Jenelle PiepmeierJenelle Piepmeier

[Ph.D. ME 1999]
Associate Professor
United States Naval Academy
Annapolis, Maryland


I really wanted to live in Atlanta, and I was excited about the opportunities for study and research at the Woodruff School. I saw professors using cameras and robots and that was the area of study I wanted to pursue. It is now the area in which I teach and research.

The practical nature of my work/research at GTRI really prepared me for my academic role at the Naval Academy. We don't have teaching assistants, and the hands-on skills I learned about interfacing equipment with computers have helped me immensely with guiding students through laboratory exercises and design projects.

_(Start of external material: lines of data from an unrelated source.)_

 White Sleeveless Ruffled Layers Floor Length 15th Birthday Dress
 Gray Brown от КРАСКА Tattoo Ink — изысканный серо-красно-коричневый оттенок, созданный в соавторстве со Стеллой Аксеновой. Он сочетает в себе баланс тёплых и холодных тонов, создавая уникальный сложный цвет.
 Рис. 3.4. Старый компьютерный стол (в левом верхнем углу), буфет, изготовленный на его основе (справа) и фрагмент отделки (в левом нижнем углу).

I loved Steve Dickerson's machine vision course that I took my first semester in graduate school, and I have developed a similar undergraduate course with a colleague here at the Naval Academy.

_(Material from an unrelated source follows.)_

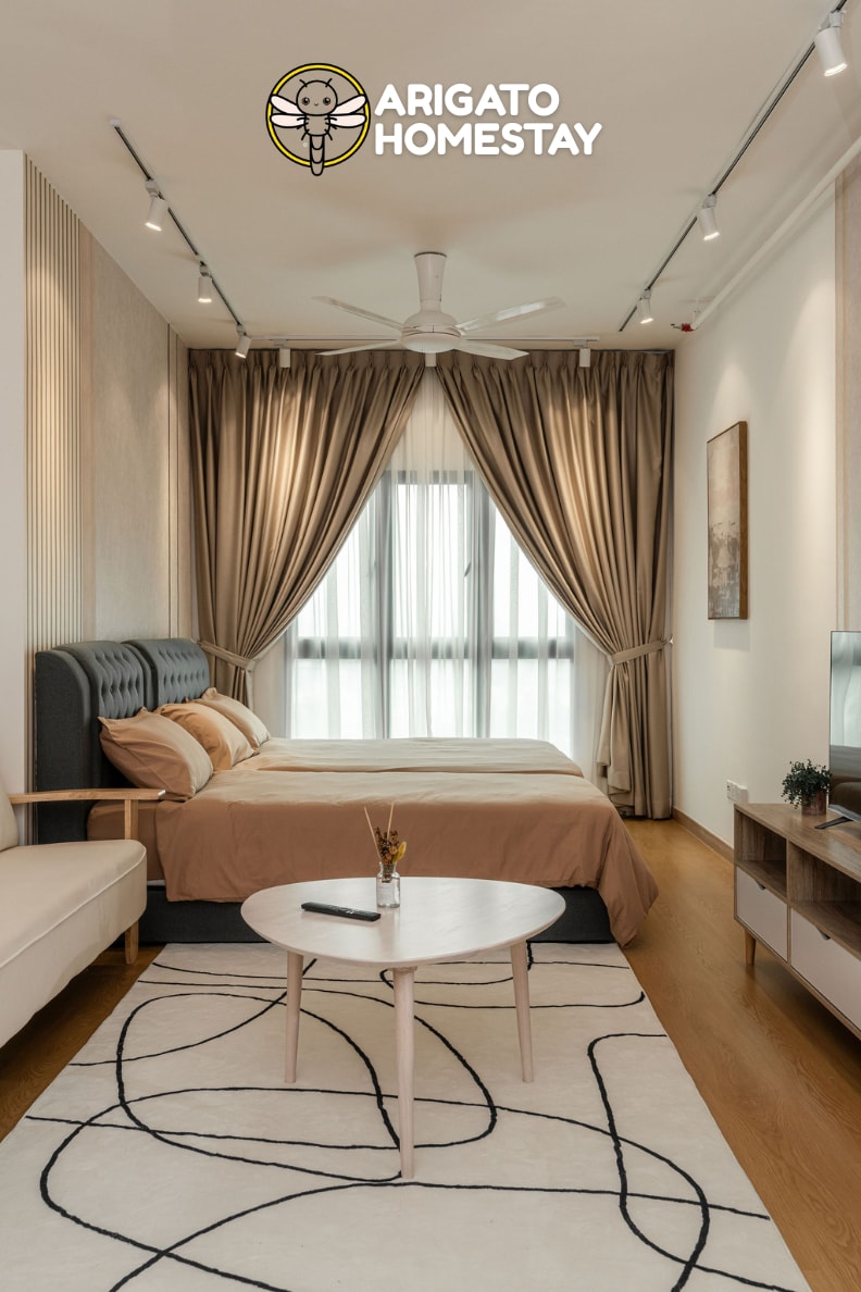 Stay in our premium studio apartment in the heart of Sri Hartamas. Enjoy easy access to Mont Kiara, Damansara, Bangsar, and Kuala Lumpur City. Our apartment features 5-star amenities and direct access to Hartamas Shopping Centre and Plaza Damas, offering a variety of local and international dining and shopping options. Disclaimer: This is a open layout studio unit, that has been partitioned with 1+1 bedroom, therefore the rooms do not have doors

My advisor, Harvey Lipkin, was supremely helpful in guiding me through the process of writing my thesis and subsequent journal articles and conference papers. Even after graduation, he has been very helpful in collaborating on articles. When I tell people I have a Ph.D. from the Woodruff School at Georgia Tech, the impressed look on their faces indicates the respect that the program has earned. As a student, I was aware that students from other majors got far less departmental support. I'm not just referring to monetary support; the writing, funding, how-to-passthe-qualifiers, and how-to-land-a-job seminars were very beneficial to me. I've also read books and articles documenting nightmarish experiences for female engineering graduate students at other schools, but they were not experiences to which I could relate. I always felt like I was treated with dignity and fairness by the Woodruff faculty.

I absolutely loved living in Atlanta. I loved sailing with the Georgia Tech Sailing Club, eating in Thai restaurants, and prowling through the Buckhead estate sales in search of a bargain.